Although the number of those seeking genetic testing appears low now, it may not be that way in the future. The same study reported that 56 percent of Americans held an interest in testing should a health condition such as cancer or Alzheimer warrant it.
Common Concerns Surrounding Genetic Testing
If people are interested in genetic testing and they feel it could hold some keys to advanced therapies, why do some still have reservations about the topic?
Privacy is one reason. Although the Genetic Information Nondiscrimination Act (GINA) has been in effect since 2009, and parts of the Affordable Care Act included provisions protecting genetic information, many still fear the results could be used against them by employers or health insurance providers. Also, the law has at least one big loophole: GINA does not apply to employers with 15 employees or fewer. It also does not provide any protection from decisions made by insurance companies.
Another issue discouraging some patients is cost of getting tested – although those costs seem to be declining. By 2014, the National Institutes of Health announced that an entire human genome could be sequenced for less than $1,000. Since then, prices have continued to fall among certain tests, as the field expanded through multiple biotechnology companies. As long as testing technology continues to improve and become more efficient, the cost to get tested will likely continue to fall.
However, the biggest hurdle to clear is the perception problem. Genetic testing now features prominently in the life of breast cancer patients as more specific genetic mutations have been found to either better predict the disease or personalize treatment options. According to Breastcancer.org, the burden placed on diagnosed individuals adds worry when deciding whether to involve their family. Patients can go through guilt, anxiety, fear and resentment that can lead to divisions among close relatives. It can be a two-way street, with some family members pressing the patient for testing while patients look to share information that others seem hesitant to receive.
“We do hear stories like, ‘I ask her every time I see her,’ ‘I can’t ask her anymore,’ ‘She is getting angry at me,’” Sue Montgomery, a genetic nurse navigator with the Family Risk Assessment Program at Fox Chase Cancer Center in Philadelphia told breastcancer.org. “It can be a source of family discord. There have been cases where we just go ahead with the testing based on family history.”
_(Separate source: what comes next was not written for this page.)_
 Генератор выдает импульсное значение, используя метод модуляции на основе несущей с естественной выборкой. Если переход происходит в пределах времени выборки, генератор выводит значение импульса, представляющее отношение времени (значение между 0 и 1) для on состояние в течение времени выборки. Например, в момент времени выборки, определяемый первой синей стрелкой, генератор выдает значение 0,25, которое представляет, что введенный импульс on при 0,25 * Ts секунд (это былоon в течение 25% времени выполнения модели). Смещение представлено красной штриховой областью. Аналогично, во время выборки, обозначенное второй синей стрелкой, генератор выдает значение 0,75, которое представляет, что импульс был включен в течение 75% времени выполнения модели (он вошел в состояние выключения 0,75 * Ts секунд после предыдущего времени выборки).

Opportunities for Personalized Care Advancement
Still, when it comes to cancers such as mesothelioma, even though the cases of genetic links may be fewer than those of other cancers, researchers still feel there is a reason to hope additional testing can cause better outcomes.
“When you have a cancer that has an 80 to 90 percent mortality rate within five years of diagnosis, and you discover evidence that a small percentage of people may have actionable mutations, that means that you could reduce mortality,” said Raphael Bueno, chief of the Division of Thoracic Surgery and co-director of the Lung Center at Brigham and Women’s Hospital in a Science Daily interview. “Even for a mutation that happens one to two percent of the time, it could mean the difference between life and death for a patient.”
If you’re considering genetic testing, your best source of guidance may to speak with your medical team, who can address your concerns in context of your diagnosis and presented family history. This can help you make the most informed decision based on the specific diagnosis and care plan.